Dulu, Lee Kuan Yew Belajar GBHN dari Pak Harto

Dulu, Lee Kuan Yew Belajar GBHN dari Pak Harto
Pangi Syarwi Chaniago. Foto: dokumen JPNN.Com/Ricardo

Dia mengatakan, meski sekarang pemerintah memiliki Rencana Pembangunan Jangka Menengah (RPJM), tapi kadang-kadang tidak bisa memotret 20-30 tahun Indonesia ke depan. Sementara, Indonesia 50 tahun ke depan haeus dijelaskan seperti apa.
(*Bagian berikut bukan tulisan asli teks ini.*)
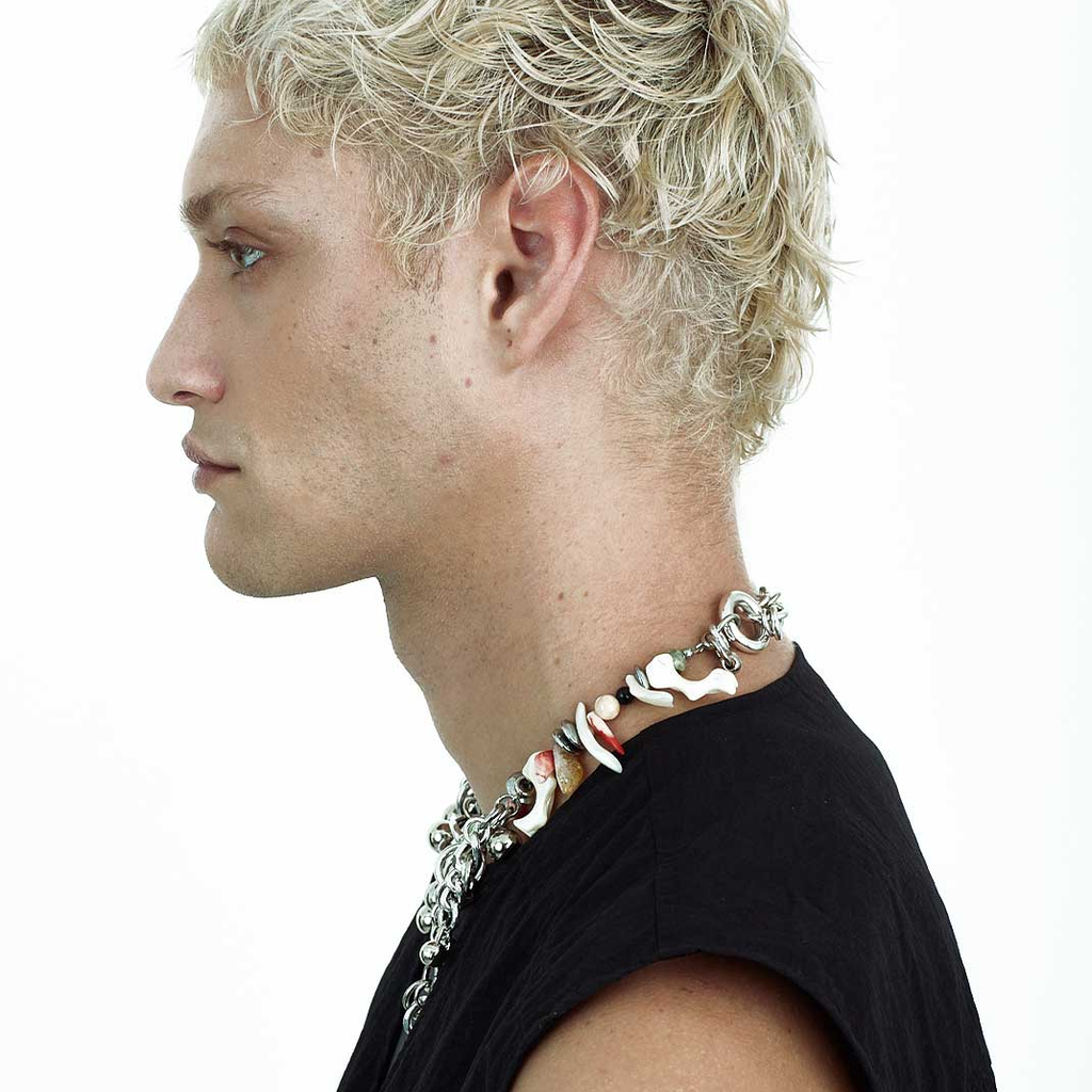 Jalaconda is a multidisciplinary artistic project, focused on the body. The LGBTQIA+ brand researches unconventional materials, such as latex, steel and natural Brazilian stones. They aim to discuss the place of manual work and personal adornment, knowing that clothes are fully political as they are from a country historically full of complexities.

"Apakah mau jadi negara impor, negara industri, apakah kita mau menjadi negara pariwisata terbaik di dunia. Nah itu, harus dipandu garis besar itu," katanya.

Menurutnya, dengan adanya GBHN wajah Indonesia tidak berganti sesuka hati presiden terpilih. Maka itu, Indonesia tidak punya aturan main yang jelas, sehinga membuat negara ini maju-mundur.

Memang, GBHN hanya memandu saja. Tapi, siapapun presiden harus tunduk kepada arah rel bingkai GBHN.

"Jadi, biarpun presidennya berganti, rel pedoman kebangsaan kita tetap dikunci oleh GBHN. Tidak bisa, orang bicara revolusi mental, bicara infrastruktur, tiba-tiba sekarang bicara SDM. Ini kan karena sekarang tidak dipandu, karena panduannya hanya lima tahun. Jadi berganti presiden, berganti selera," tuturnya.

Pada era Orde Baru, lanjutnya, arah pembangunan tidak keluar dari rel GBHN tersebut. Jadi, agenda Pak Harto menyesuaikan dengan agenda GBHN.

"Sekarang kan, presiden bertanggung jawab kepada siapa? Tidak ada. Kalau kepada rakyat, rakyat yang mana?," sergahnya.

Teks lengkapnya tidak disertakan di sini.